What to do
Transcribe everything in the listing as written, and let no image into the copy.

Supplied material
============================================================
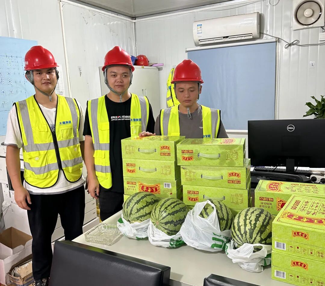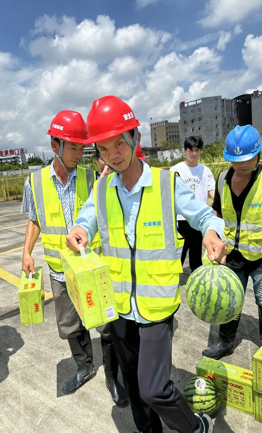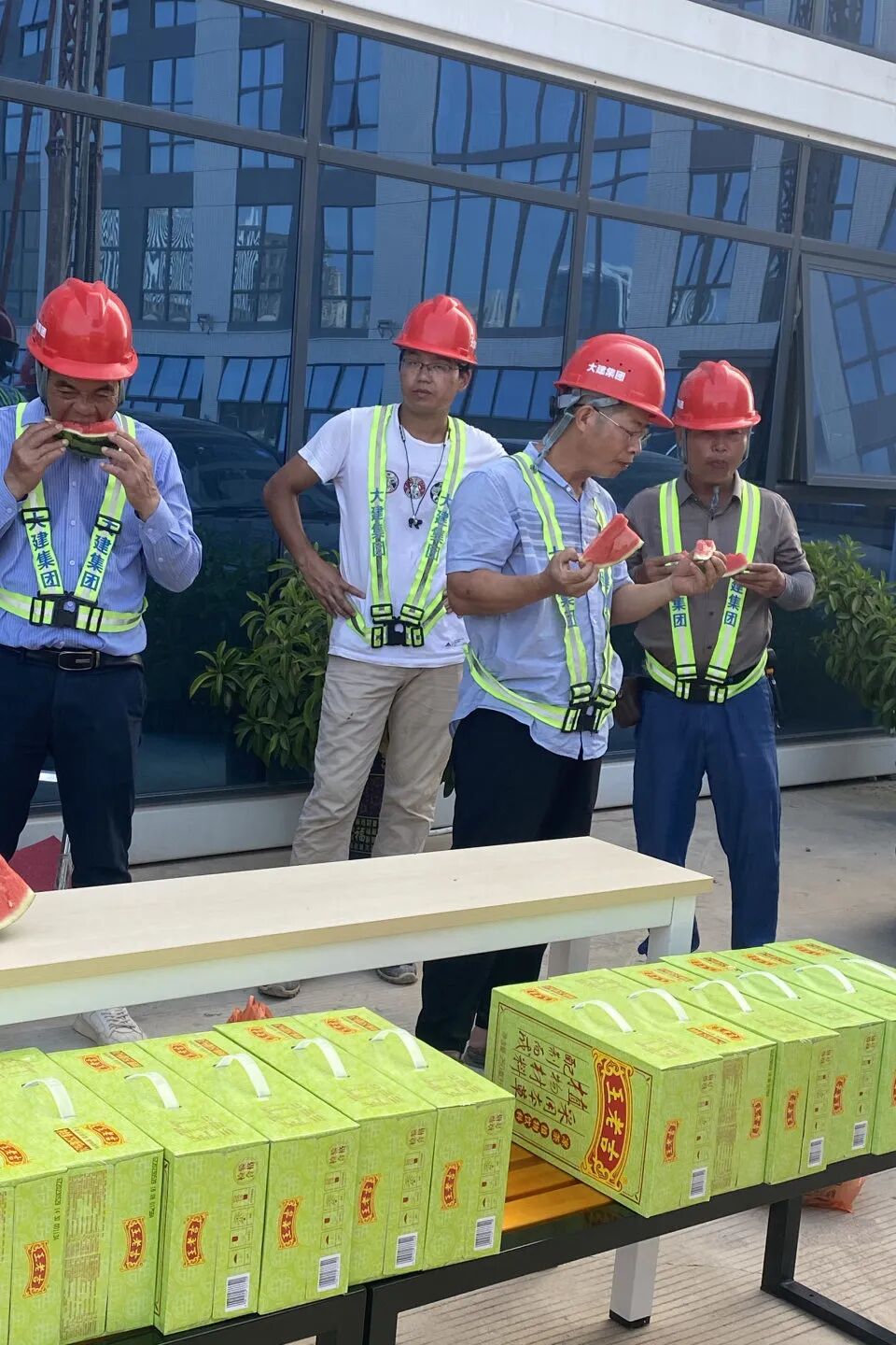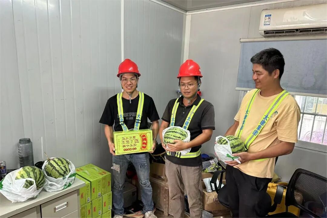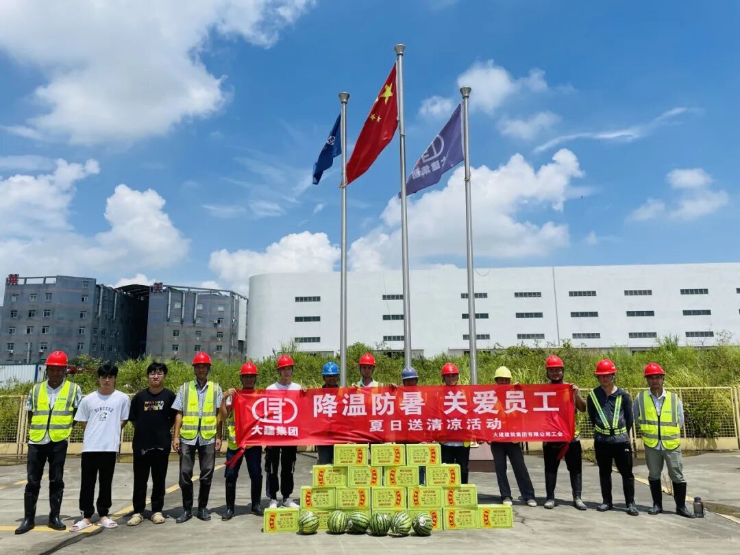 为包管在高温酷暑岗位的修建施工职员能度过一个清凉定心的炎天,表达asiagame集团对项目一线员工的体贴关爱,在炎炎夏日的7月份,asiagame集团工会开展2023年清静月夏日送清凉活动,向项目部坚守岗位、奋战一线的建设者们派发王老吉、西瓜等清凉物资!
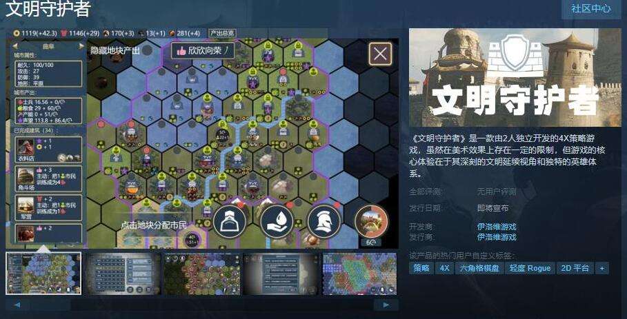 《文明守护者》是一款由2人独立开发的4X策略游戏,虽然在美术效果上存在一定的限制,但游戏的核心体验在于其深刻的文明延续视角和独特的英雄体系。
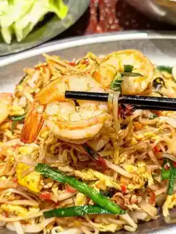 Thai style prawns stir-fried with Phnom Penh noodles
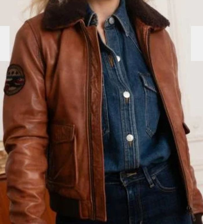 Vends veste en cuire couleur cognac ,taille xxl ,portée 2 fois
============================================================
Solution to this task
 为包管在高温酷暑岗位的修建施工职员能度过一个清凉定心的炎天,表达asiagame集团对项目一线员工的体贴关爱,在炎炎夏日的7月份,asiagame集团工会开展2023年清静月夏日送清凉活动,向项目部坚守岗位、奋战一线的建设者们派发王老吉、西瓜等清凉物资!
 《文明守护者》是一款由2人独立开发的4X策略游戏,虽然在美术效果上存在一定的限制,但游戏的核心体验在于其深刻的文明延续视角和独特的英雄体系。
 Thai style prawns stir-fried with Phnom Penh noodles
 Vends veste en cuire couleur cognac ,taille xxl ,portée 2 fois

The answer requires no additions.